Há quem duvide da classificação do narcisismo como um transtorno, qualificando-o apenas como um traço de personalidade, no entanto, de acordo com o Dr. Fabiano de Abreu, o narcisismo patológico, principalmente por ser culturalmente aceito, representa um perigo para o futuro da sociedade.

“Na tentativa de impedir seu avanço, criando mecanismos mais salutares de exposição nas redes sociais. A recompensa instantânea, retira-o dessa sensação, mas torna-se viciante, iniciando um círculo vicioso acionando um gatilho interminável de dor e prazer, o processo molda o cérebro e acarreta em comportamentos que tornam-se culturais e desenvolvem a patologia.” Explica.

“Estamos falando de narcisismo patológico, que formata um cérebro e um DNA, que será passado de geração para geração,enraizado em comportamentos culturalmente aceitos porém trazendo consequências sérias para o futuro, promovendo psicopatologias futuras que se tornaram epidêmicas.”

O que é o narcisismo patológico?

O narcisismo é uma admiração e valorização extrema por si mesmo, no entanto, em níveis mais elevados, o comportamento torna-se uma patologia que gera um super auto-apego e necessidade de admiração e reconhecimento.

As pessoas que sofrem da patologia podem ser manipuladoras e abusivas com terceiros para conseguir aclamações, comumente usam de dissimulação para não passar a ideia de desequilíbrio, podendo dificultar a identificação do transtorno e até torná-lo socialmente aceito.

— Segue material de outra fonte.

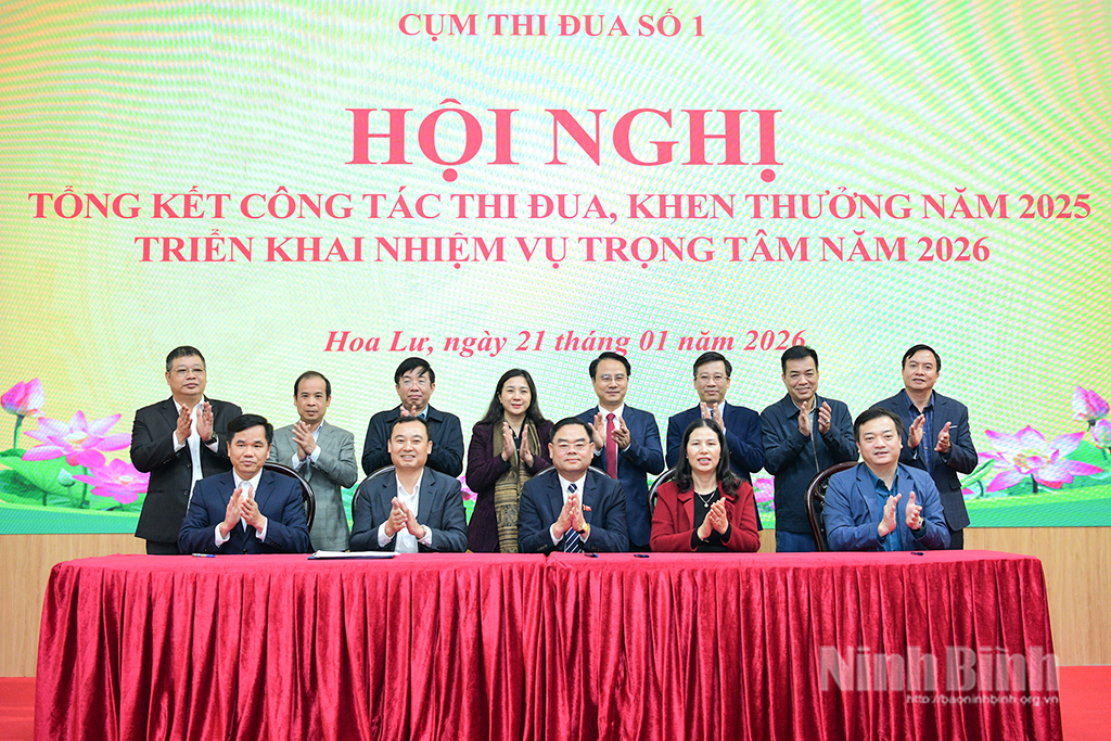 Chiều 21/1, tại phường Hoa Lư, Cụm Thi đua số 1 thuộc UBND tỉnh Ninh Bình tổ chức hội nghị tổng kết công tác thi đua, khen thưởng năm 2025; phát động phong trào thi đua yêu nước năm 2026. Đại diện Ban Thi đua - Khen thưởng tỉnh và lãnh đạo các địa phương trong Cụm Thi đua số 1 dự hội nghị.
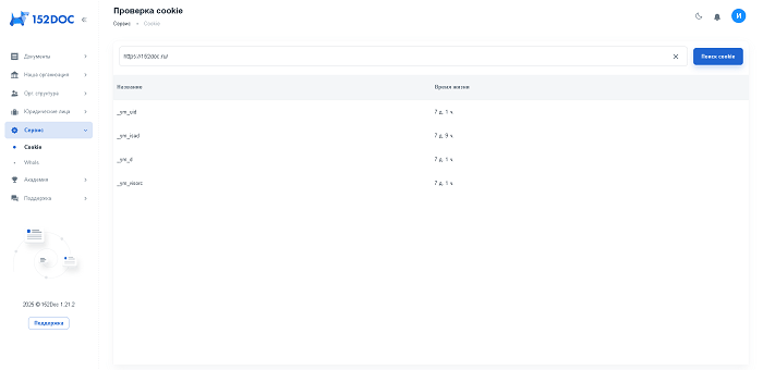 С помощью Раздела «Сервис» можно проверить cookie, используемые на сайте, и посмотреть информацию по введенному домену.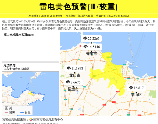 福山区气象局2022年6月26日15时00分发布雷电黄色预警信号:受副高边缘暖湿气流和弱冷空气共同影响,今天傍晚到明天白天,我区全部镇街有大到暴雨并伴有雷电,强降雨时段集中在今天后半夜到明天白天;南风5~6级阵风7级转6~7级阵风8~10级。请注意防范。明天夜间到后天白天,有小雨局部中雨,南风转北风,风力逐渐减弱为3~4级。 信息来源:国家预警信息发布中心; 发布单位:福山区气象局。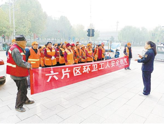 為保障環(huán)衛(wèi)工人的安全,項城市城管局每周二定期對環(huán)衛(wèi)工人開展安全教育,提醒環(huán)衛(wèi)工人霧天不上主干道、掃地順車道、過馬路注意信號燈等,增強(qiáng)了環(huán)衛(wèi)工人的安全交通意識。圖為項城市城管局六片區(qū)負(fù)責(zé)人為環(huán)衛(wèi)工人講解安全知識。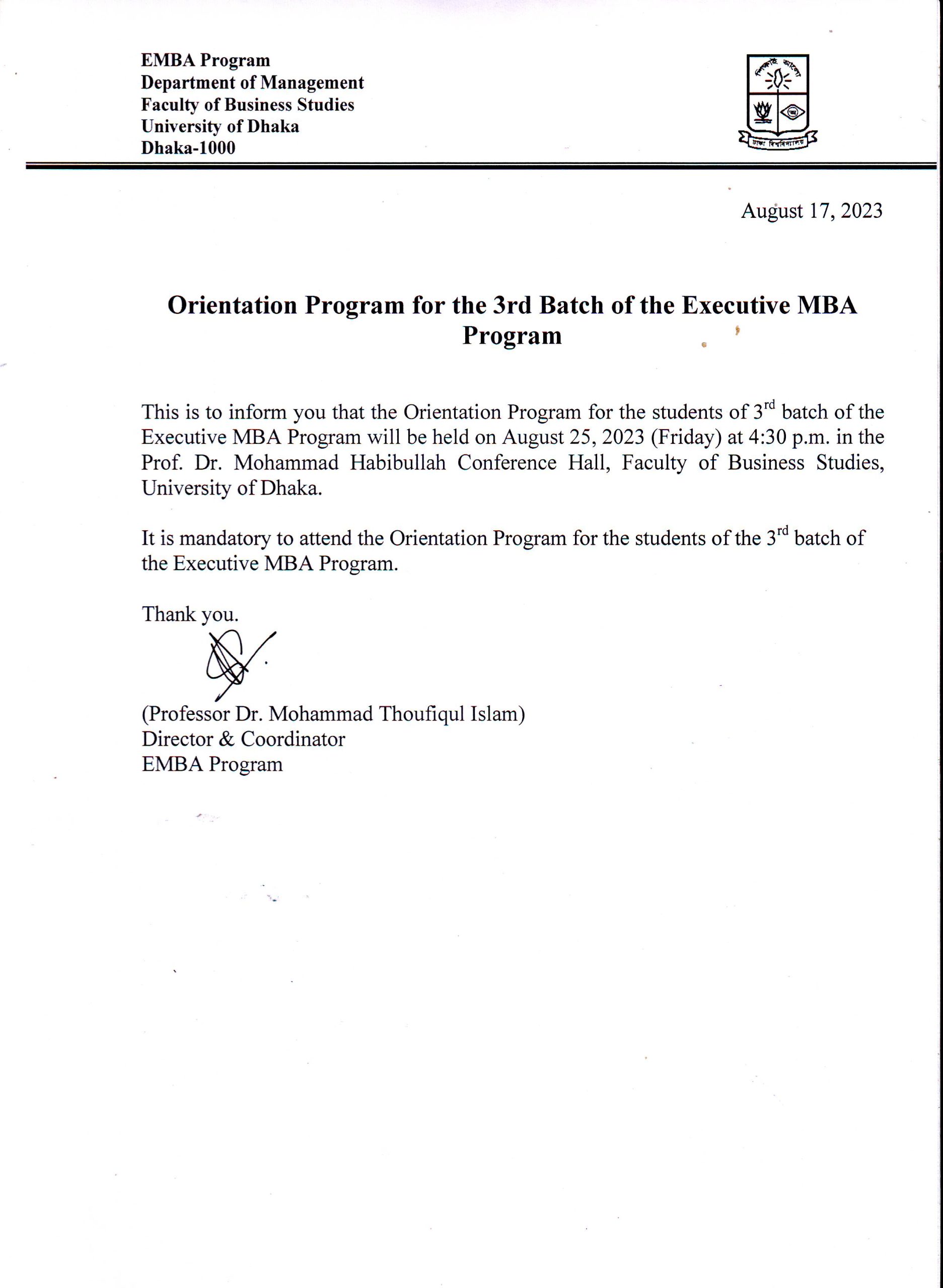 Thoufiqul Islam, the Director and Coordinator of the EMBA Program promised that both the

Sobre o Dr. Fabiano de Abreu

Dr. Fabiano de Abreu Agrela, é um PhD em neurociências, mestre em psicologia, licenciado em biologia e história; também tecnólogo em antropologia com várias formações nacionais e internacionais em neurociências. É diretor do Centro de Pesquisas e Análises Heráclito (CPAH), Cientista no Hospital Universitário Martin Dockweiler, Chefe do Departamento de Ciências e Tecnologia da Logos University International, Membro ativo da Redilat - La Red de Investigadores Latino-americanos, do comitê científico da Ciência Latina, da Society for Neuroscience, maior sociedade de neurociências do mundo nos Estados Unidos e professor nas universidades; de medicina da UDABOL na Bolívia, Escuela Europea de Negócios na Espanha, FABIC do Brasil, investigador cientista na Universidad Santander de México e membro-sócio da APBE - Associação Portuguesa de Biologia Evolutiva.